## What you will do
Return, exactly and with nothing added, the line with "Contents: 2 bags" together with all lines after it through the end of the data below. No pictures belong in the copy.

## Input data
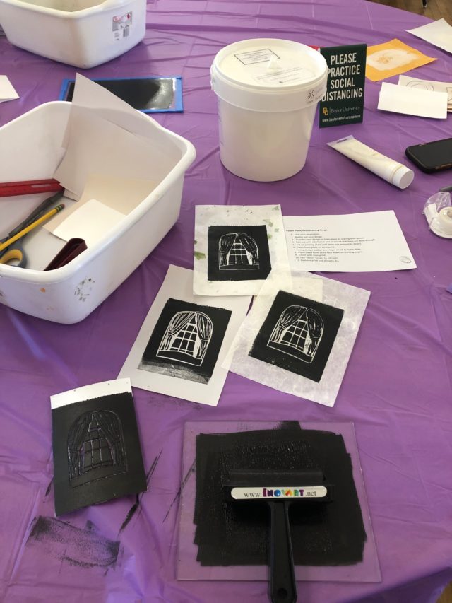 Printmaking is a process that involves transferring images from a template onto another surface, most often paper or fabric. During the event, students chose either a stencil provided by the hosts or sketched their own onto a piece of foam. They were instructed to apply ink on a surface, put it onto a roller and roll the ink on the foam. Then they turned the foam over and pressed it onto the piece of paper, revealing a print when the foam was peeled off. Students were able to take their prints home in a plastic bag provided by the volunteers.
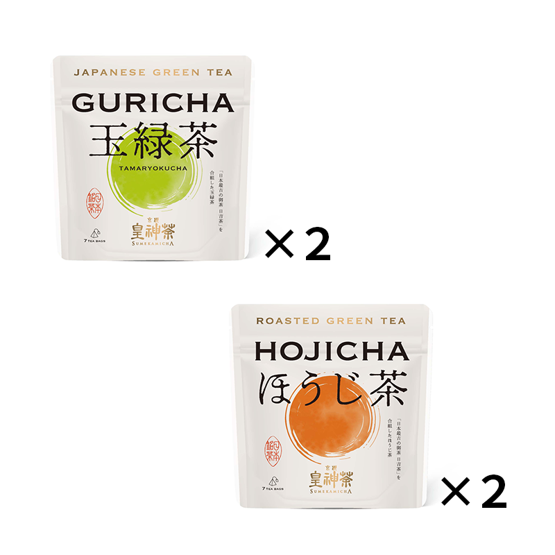 Contents: 2 bags of Tamaryokucha, 2 bags of Hojicha
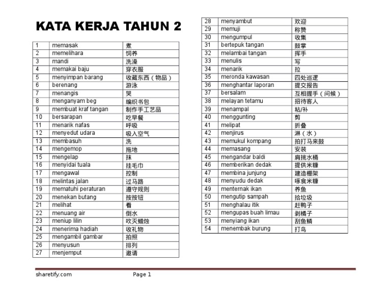 Tahun 2 Kata Kerja Sumber Pengajaran

## Answer below
 Contents: 2 bags of Tamaryokucha, 2 bags of Hojicha
 Tahun 2 Kata Kerja Sumber Pengajaran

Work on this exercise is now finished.